== Segment start ==
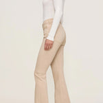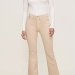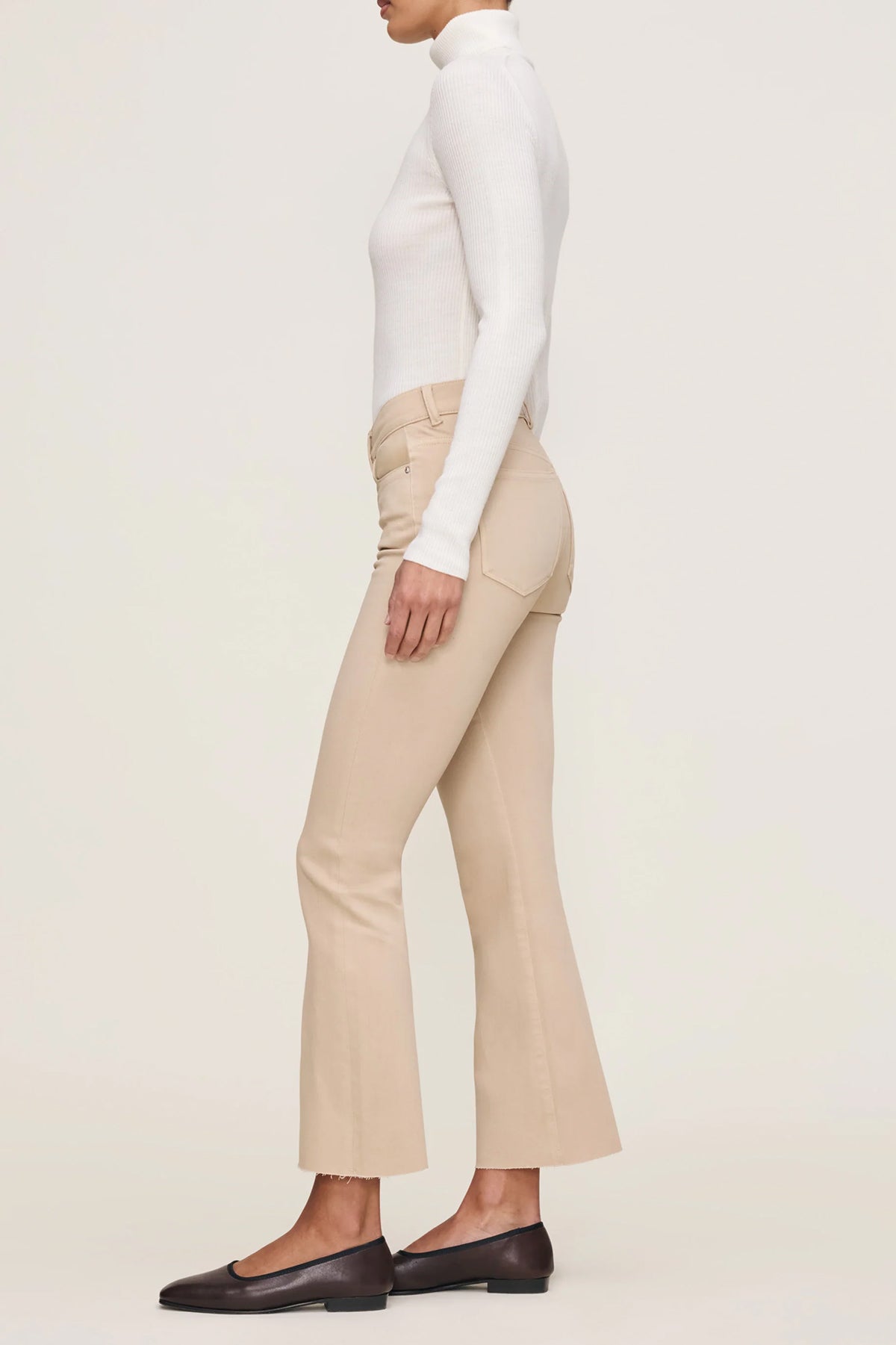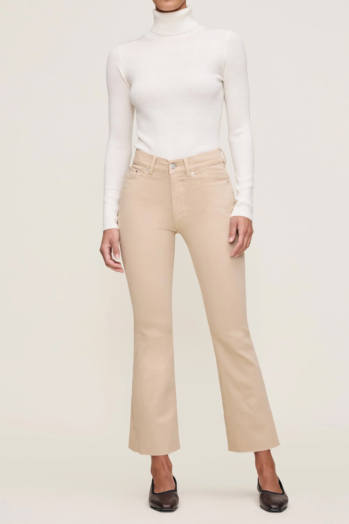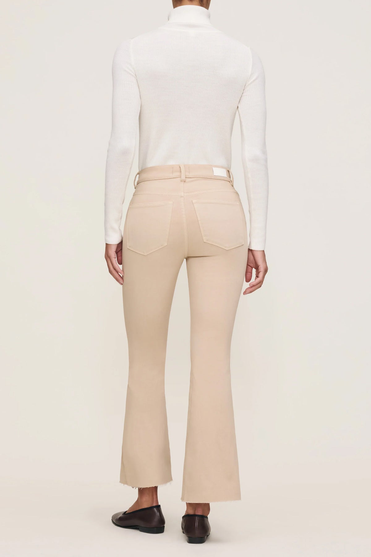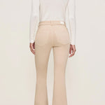 Bridget is a high-rise, cropped boot cut fit that utilizes our Instasculpt™ technology to smooth, sculpt, and conform to your body for the perfect fit. Almond is a light tan hue. It features silver hardware, tonal stitching, a clean hem and an ecru back patch.
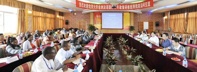 7月21日上午,北京大学政治发展与政府管理研究所所长解庆奎教授率领该校承办的“非洲法语国家公共政策研修班”学员一行36人到我院访问交流。
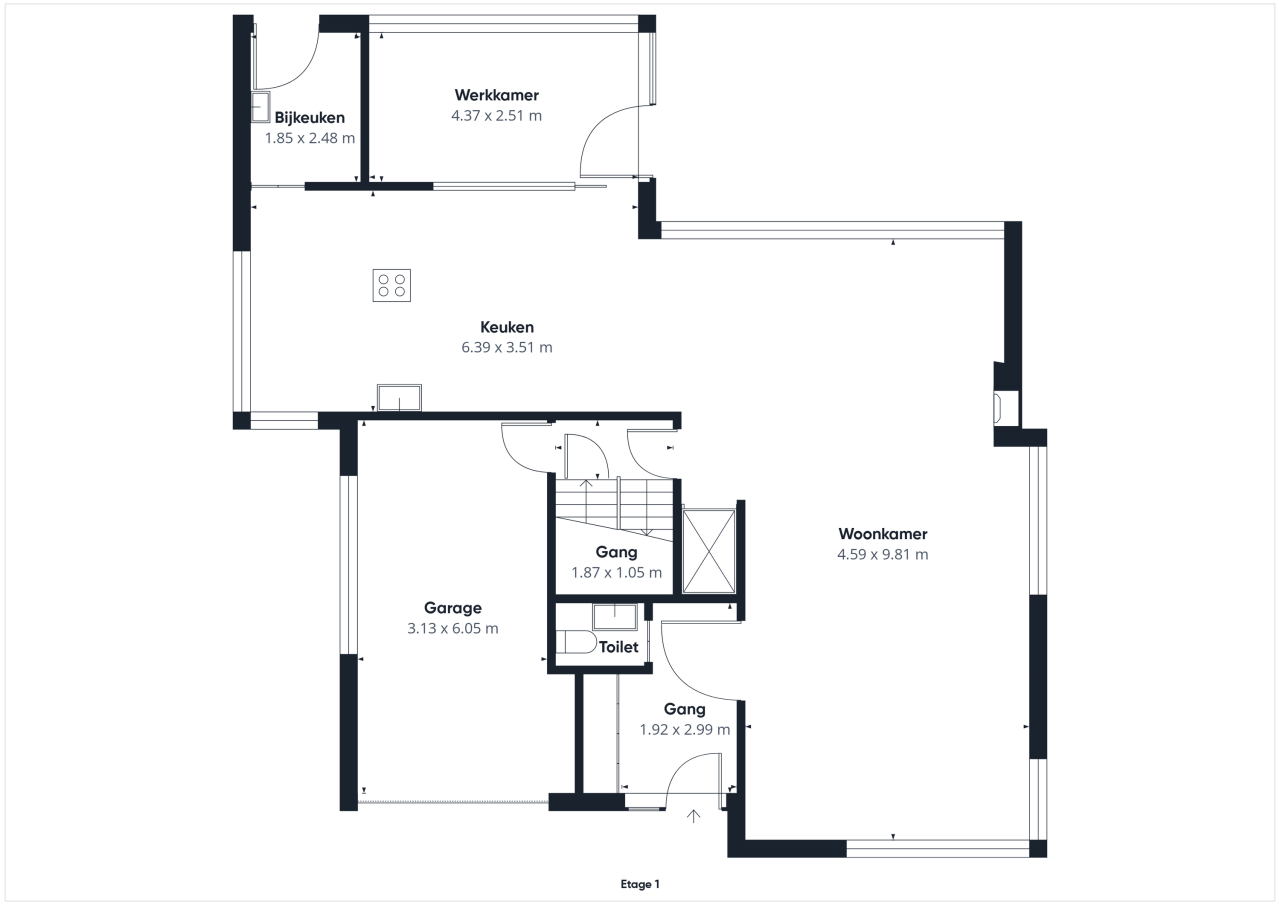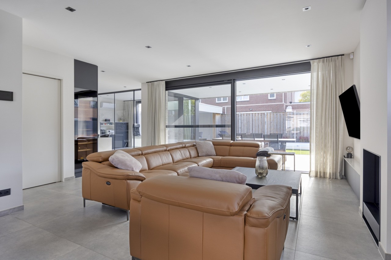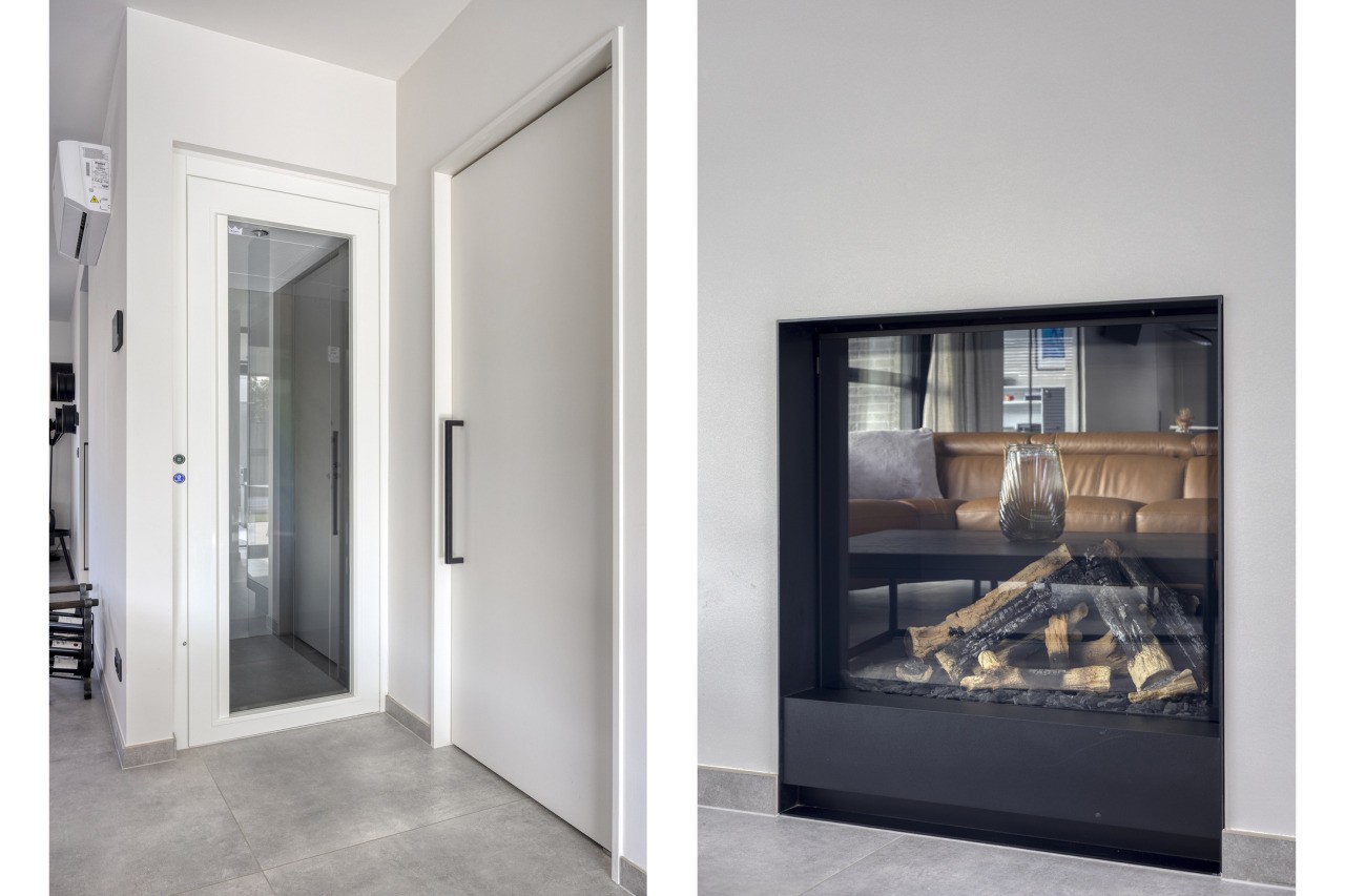 Via de hal met toilet, fonteintje, alarminstallatie en kastenwand kom je binnen in de ruime woonkamer. De eethoek bevindt zich aan de voorzijde, terwijl de tuingerichte zithoek met haard uitnodigt tot ontspannen avonden. De grote schuifpui zorgt voor een vloeiende overgang naar buiten en laat het daglicht royaal binnenstromen. Vanuit de woonkamer bereik je zowel de lift als de trap naar de eerste verdieping en de inpandige garage, die is voorzien van een elektrische deur, meterkast én een laadpaal.
== Segment end ==
→ TASK BRIEF
Reproduce the material above exactly, first line through the line that contains "7月21日上午,北京大学政治", minus the pictures.

→ EXPECTED ANSWER
 Bridget is a high-rise, cropped boot cut fit that utilizes our Instasculpt™ technology to smooth, sculpt, and conform to your body for the perfect fit. Almond is a light tan hue. It features silver hardware, tonal stitching, a clean hem and an ecru back patch.
 7月21日上午,北京大学政治发展与政府管理研究所所长解庆奎教授率领该校承办的“非洲法语国家公共政策研修班”学员一行36人到我院访问交流。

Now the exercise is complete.